You get: Obsidian-only knowledge base + NotebookLM upload + AI suggestions. No Zotero account required. Perfect for industry research, white papers, and technical documentation.

Quick start

  1. Run the first-time setup wizard:

    research-hub init
    

    This creates your config file, vault folders, and optional Zotero settings.

  2. Verify the installation:

    research-hub doctor
    

    The health check reports config, vault paths, Zotero credentials, dedup index status, Chrome availability, and NotebookLM session state.

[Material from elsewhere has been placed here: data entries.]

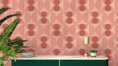 Окружности друг над другом и в наслоении на выразительных структурах. Спокойный геометрический дизайн, выполненный в крупном формате для большей эффектности, доступен в четырёх продуманных сочетаниях цветов.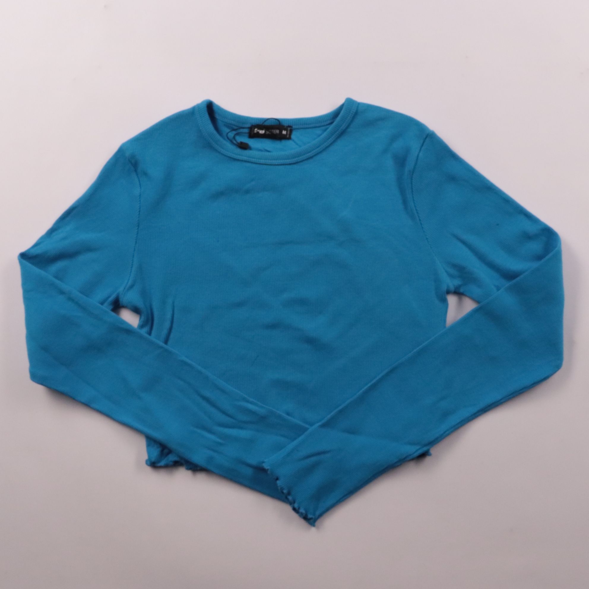 Женский лонгслив FB Sister голубого цвета из эластичного хлопкового трикотажа. Подойдёт для повседневных образов и как базовый слой в прохладную погоду. Ткань тянется и комфортно садится по фигуре.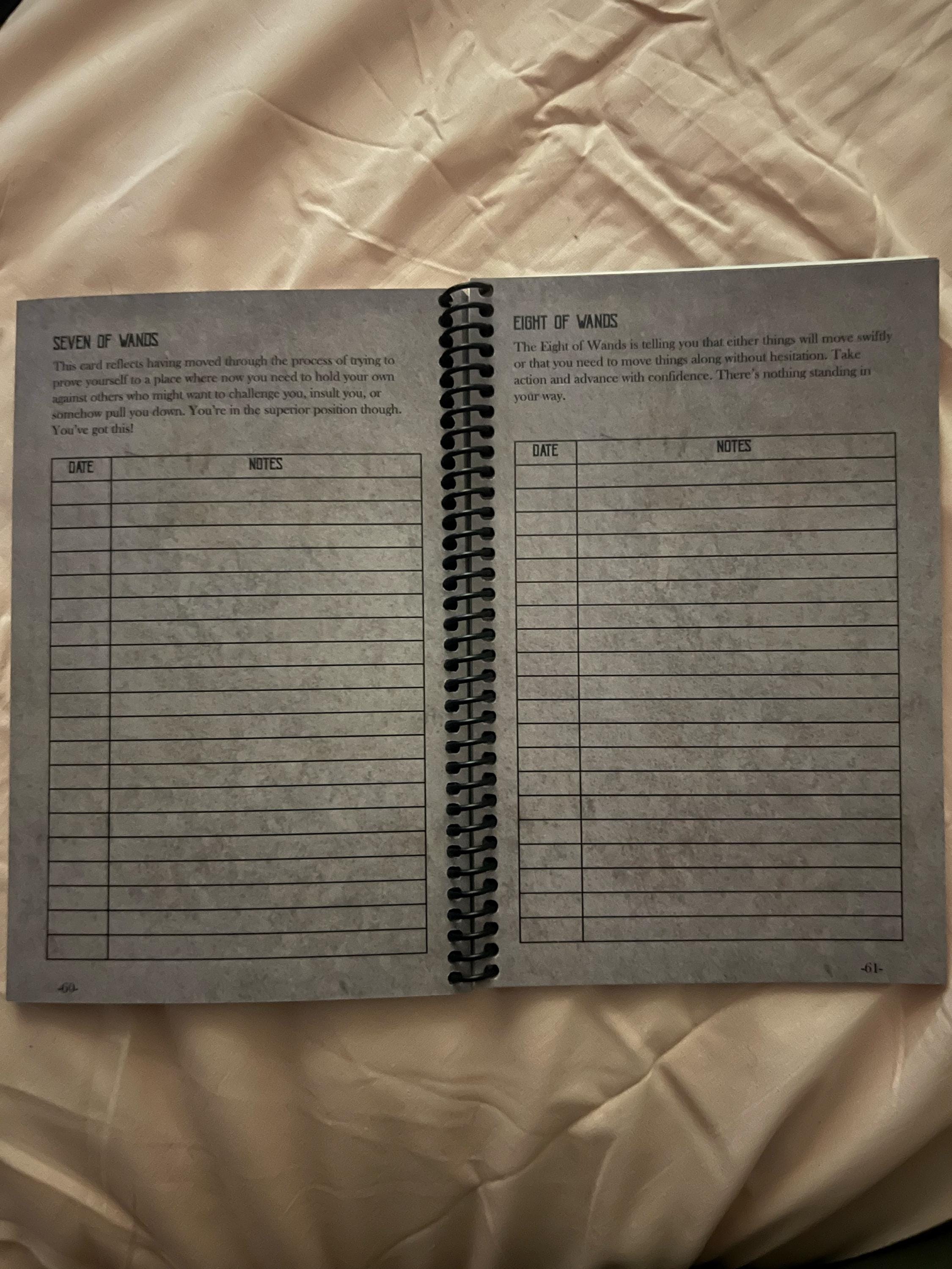 Gorgeous tarot journal I’ll actually use This tarot journal is honestly beautiful. The artwork and layout are really pretty, and it’s definitely something I’m going to use a lot in my practice. The pages feel nice, and it’s the kind of journal that makes you want to sit down and pull cards just so you can write in it. The only small thing I’d change (purely personal preference) is that I wish there was a little more of a fill-in section/option tab to customize things in my own way. And I didn’t notice that the suit is labeled as “Discs” instead of “Pentacles” when I ordered — that’s totally on me, not the creator — but it’s still completely usable and doesn’t take away from how pretty and functional the journal is. Overall, it’s a lovely, well-made journal that I’m happy to have in my collection, and I’m definitely going to k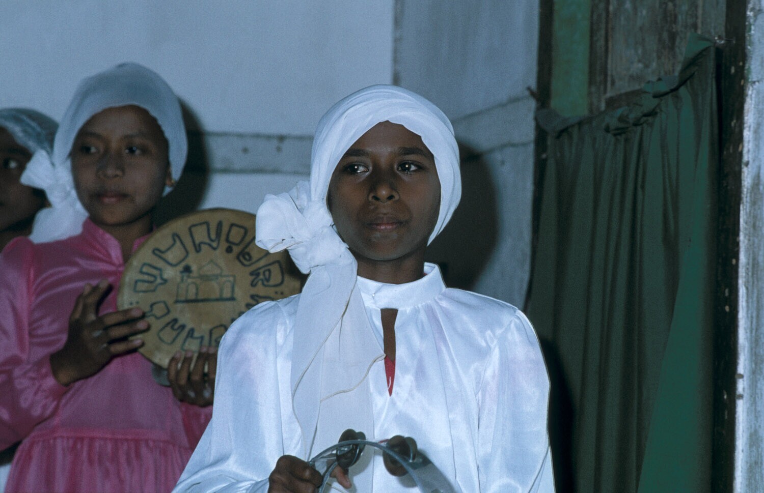 Meisje gekleed om naar godsdienstles te gaan. Tulehu...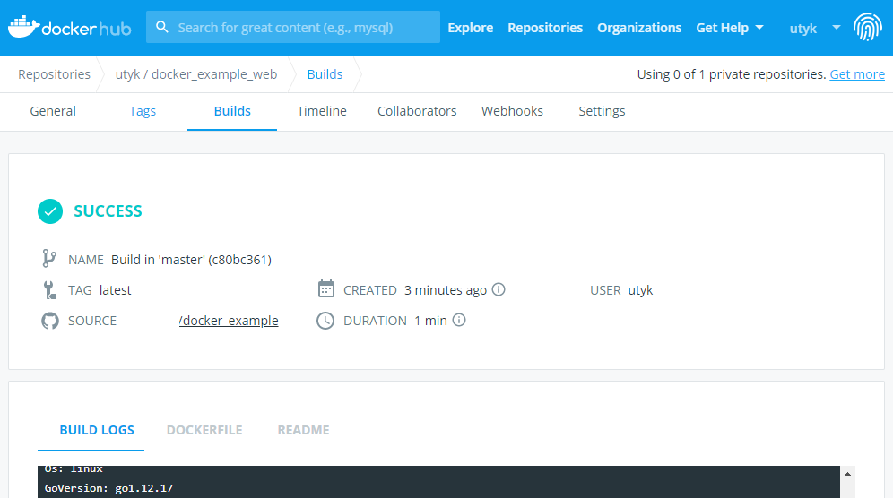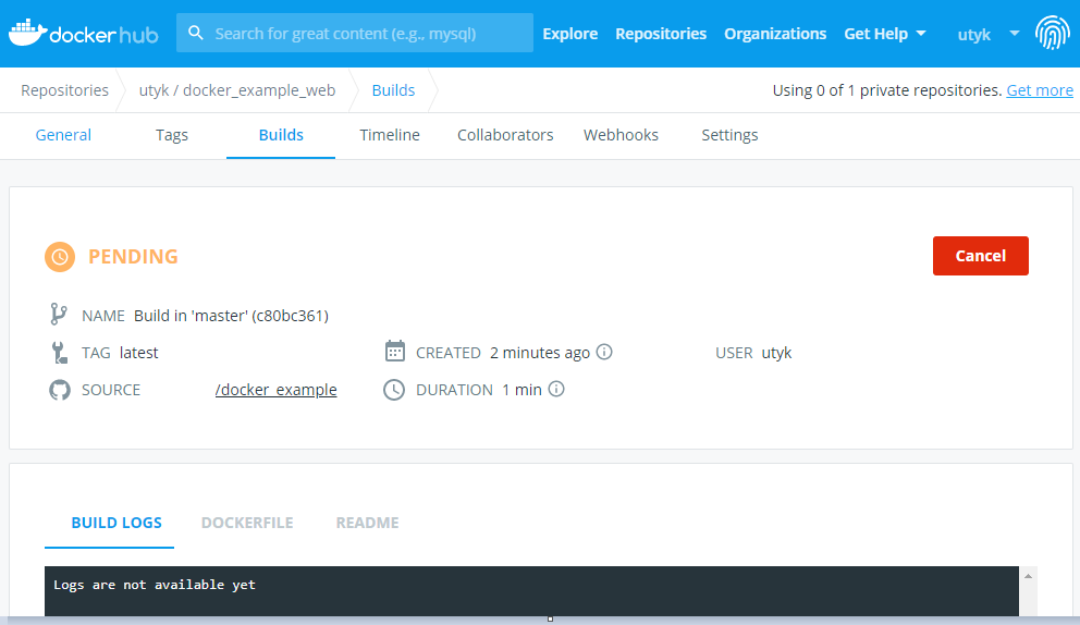 3. 도커허브에서 연동된 github의 dockerfile을 바탕으로 이미지 생성하기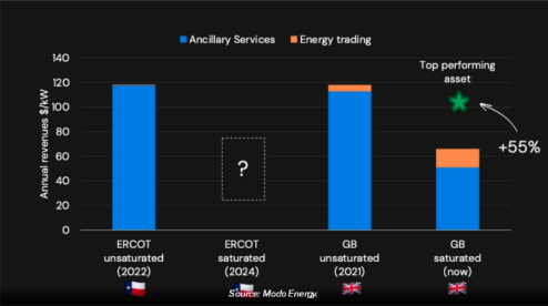 Modo Energy公司的Draper-Scrimshire將德克薩斯州電池儲(chǔ)能市場(chǎng)的發(fā)展與英國(guó)儲(chǔ)能市場(chǎng)進(jìn)行了比較。并指出盡管電池儲(chǔ)能系統(tǒng)裝機(jī)容量不斷增長(zhǎng),獲得的收入與2021年相比有所下降,但表現(xiàn)最好的儲(chǔ)能系統(tǒng)可能會(huì)保持在原來的收入水平。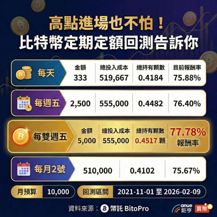 這種方式能攤平你的成本,即便在高點進場,被套牢的時間也比一次性投入短得多。 你還可以設定「價格上限」(例如超過 98,000 美元就不買),完全自動化操作。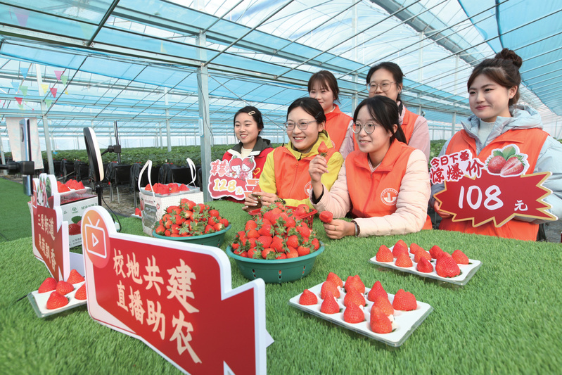 12月17日,江苏新宝gg技术学院经济管理学院电子商务专业的学生在徐州市铜山区三堡街道一农场直播销售草莓。近年来,该校与三堡街道开展校地共建,为大学生搭建社会实践平台,借助电商平台助力地方农产品销售。(蒯创 摄)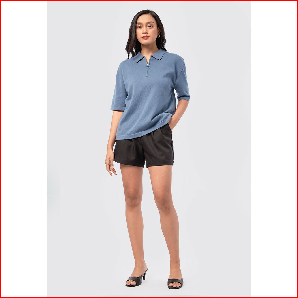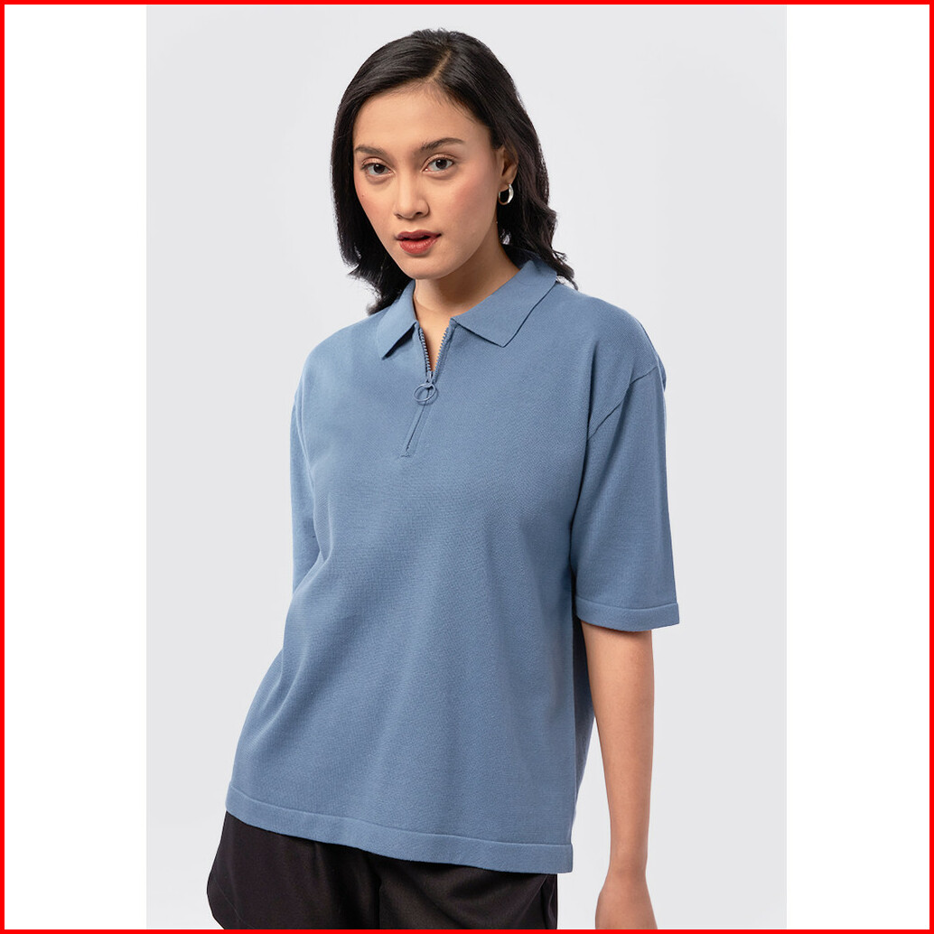 Executive Knitted Zip Up Polo Shirt Denim Blue

  3. Search for papers and verify DOIs while printing results:

    research-hub search "graph neural networks" --verify
    
  4. Ask for cluster and related-paper suggestions for a DOI:

    research-hub suggest 10.1145/3448016.3452841 --json
    
  5. Ingest papers into your Zotero + Obsidian workflow:

    research-hub ingest --cluster my-cluster
    
  6. Upload a prepared cluster to NotebookLM:

    research-hub notebooklm upload --cluster my-cluster
    
  7. Export a citation when you need it:

    research-hub cite 10.1145/3448016.3452841 --format bibtex
    

If you are starting from scratch, a common first session is:

research-hub init
research-hub doctor
research-hub clusters new --query "graph neural networks" --slug my-cluster
research-hub search "graph neural networks" --verify
research-hub ingest --cluster my-cluster
research-hub notebooklm login --cdp
research-hub notebooklm upload --cluster my-cluster

Features

The CLI is organized around a paper workflow: find papers, verify identifiers, save notes, keep clusters aligned, and push selected clusters into NotebookLM.

Stage Command Description
Search search Query Semantic Scholar for new papers by keyword
Verify verify --doi / verify --arxiv / verify --paper Check that a DOI, arXiv ID, or fuzzy title match resolves
Save run / ingest Run the ingestion pipeline and write Zotero + Obsidian outputs
Organize clusters new / clusters list / clusters show / clusters bind Create, inspect, and bind topic clusters
Suggest suggest <id> [--json] Recommend a cluster and related existing papers
Sync sync status / sync reconcile Detect and reconcile Zotero -> Obsidian drift
Upload notebooklm upload Upload bundle sources to NotebookLM using a saved browser session
Generate notebooklm generate --type brief Trigger NotebookLM artifact generation
Cite cite <id> --format bibtex Export BibTeX, BibLaTeX, RIS, or CSL-JSON
Maintain index / status / cleanup / synthesize Rebuild indexes, check progress, deduplicate hub pages, generate synthesis pages
Setup init / doctor Create config and validate the local environment

Search and verify

Use search to discover candidate papers before adding anything to your vault:

research-hub search "retrieval augmented generation" --limit 10

Add --verify when you want each DOI checked against doi.org before it is printed:

research-hub search "retrieval augmented generation" --limit 10 --verify

Use verify directly when you already know the identifier:

research-hub verify --doi 10.48550/arXiv.1706.03762
research-hub verify --arxiv 1706.03762
research-hub verify --paper "Attention Is All You Need" --paper-year 2017
research-hub verify --paper "Attention Is All You Need" --paper-author Vaswani

Run ingestion

run and ingest both execute the pipeline. Use --dry-run when you want to validate config and inputs without writing anything:

research-hub ingest --cluster my-cluster --dry-run
research-hub ingest --cluster my-cluster --query "retrieval augmented generation"
research-hub run --cluster my-cluster --query "retrieval augmented generation"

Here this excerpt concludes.